If I’m focusing only on entity embeddings, then can I simply neglect generating embeddings for the words which aren’t entities?

Random Indexing

Random Indexing

  • Completed vanilla random indexing implementation.
  • Will need to parallelize the code and tune the hyperparameters.

Increasing Coverage

  • Testing only the embeddings of the entities tagged by the WikiDetector.py, since the entities are tagged only when the entity link is explicitly present in the article, or if it is the entity that represents the article.

Raw Text Embeddings

  • Trying to modify the code to work on raw text such that the end result of tagging is the same as it was in the Wikipedia dump.

Generating Word2Vec Embeddings

  • Tried to generate a test set with countries and their continents using SPARQL, found it easier to generate it from the wikipedia article.
  • Evaluated all possible combinations of the form country1:continent1::country2:X, and got the accuracy as raw Hits@1: 14.4%, Hits@3: 26.41%, Hits@10: 41.71%. Since a country can have only one possible continent, the filtered accuracy is the same.
  • I also tried a filtered accuracy evaluation, by checking for continent1:country1:continent2:X, but given each continent has about 50 countries, the correct values of analogy barely comes within the first 10 predictions of X.

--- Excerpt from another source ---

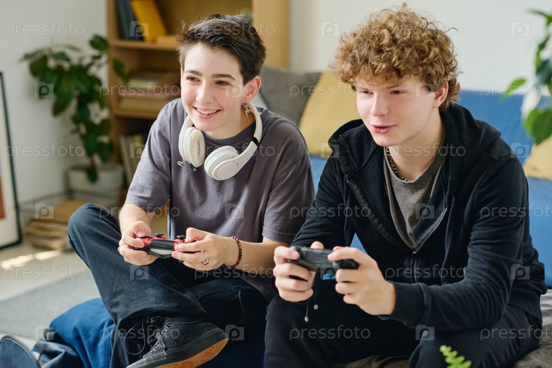 Счастливая девочка-подросток и ее парень нажимают кнопки на геймпадах

Generating Word2Vec Embeddings

  • Tried to generate an analogy test set by querying country domain relations in SPARQL.
    • The query, select distinct ?currency, ?country where { ?currency dbo:usingCountry ?country } in a few instances returns United_States_Dollar in the country column. For example United_States_Dollar Afghan_afghani is one such pair. Still running on this test set.
  • Using only the capital-country section of the Google Analogy Test Set,
    • Without the article-entity being tagged, it could guess analogies (of the form, Hanoi : Vietnam :: Madrid : ? ) with Hits@1 is 86.28% and Hits@3 is 92.54% Hits@5 is 93.79%
    • With article-entity tagged, Hits@1: 88.31% and Hits@3: 94.09%. and Hits@5: 95.31%

Generating Word2Vec Embeddings

  • Trying to find a way to tag entities not linked in Wikipedia articles, for example many a times I found ‘The New York Times’ without any link to it.
  • Till now I have generated three sets of embedding and these are the evaluation results I got on the Google Analogy Test Set.
    1. Tagging entities in an article using the surface forms local to the article, each paragraph as presented on Wikipedia is input as a sentence to for training the Word2Vec embeddings.
      • Matching the most relevant entity, 68.59%
      • Checking for the answer in the top 3 most relevent entities, 79.92%
    2. Tagging the article-entity using globally obtained surface forms additionally tagging pronouns, each paragraph is treated as a sentence.
      • 71.085% and 82.39% respectively.
    3. Same as the previous, but treating each article as a sentence.
      • 71.075% and 82.36% respectively.
  • The test set is a bit general, for example, in the currencies analogy the test set expects India to return Rupee as the answer, while my embeddings returns Indian_Rupee as the answer. Additionally most sections don’t really evaluate the embeddings.
  • I intend to generate a test set using entity-relations extracted from DBpedia using SPARQL queries.